[How to complete this task] Below are entries; repeat exactly, and nothing else, the lines from the one holding "Corned-Turkey Spitzenqualität, mittelgrob" through the one holding "ВЫДВИЖНАЯ КОРЗИНА (1 ШТ НИЖНЯЯ)", inclusive. Leave the pictures out.

[Given data]
* * * * *

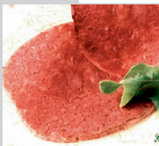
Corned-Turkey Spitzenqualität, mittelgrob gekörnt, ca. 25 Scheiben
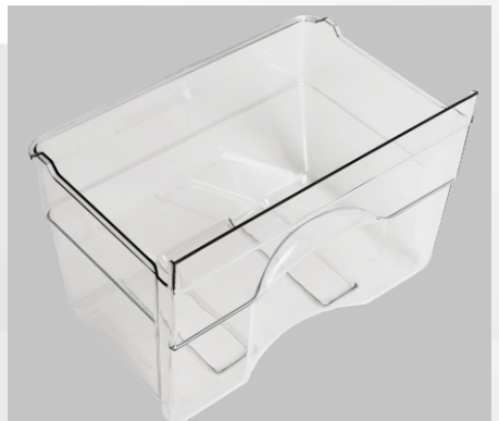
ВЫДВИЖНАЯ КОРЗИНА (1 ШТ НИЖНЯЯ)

* * * * *

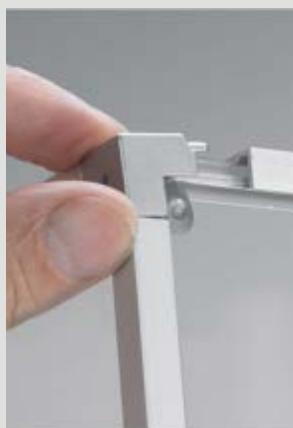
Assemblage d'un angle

* * * * *

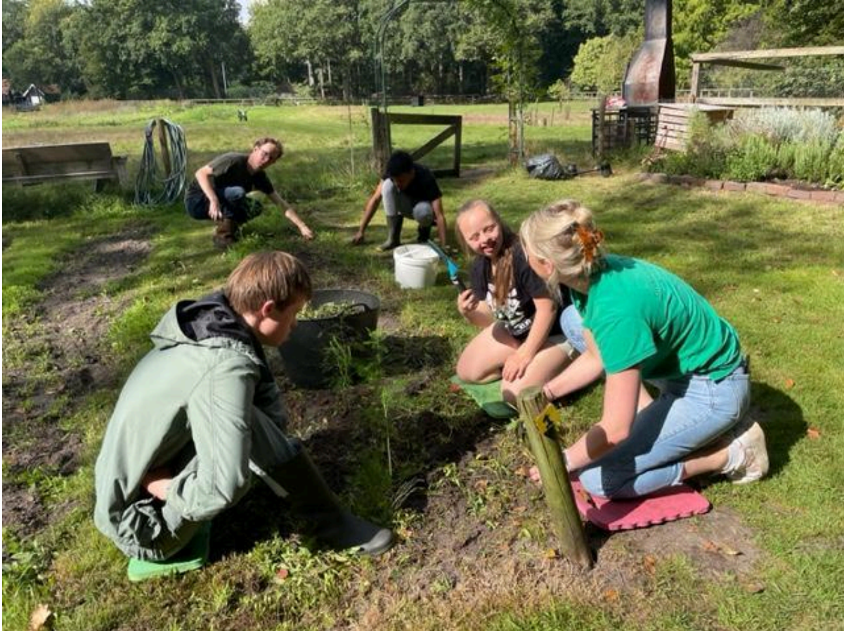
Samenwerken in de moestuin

* * * * *

[Response]
Corned-Turkey Spitzenqualität, mittelgrob gekörnt, ca. 25 Scheiben
ВЫДВИЖНАЯ КОРЗИНА (1 ШТ НИЖНЯЯ)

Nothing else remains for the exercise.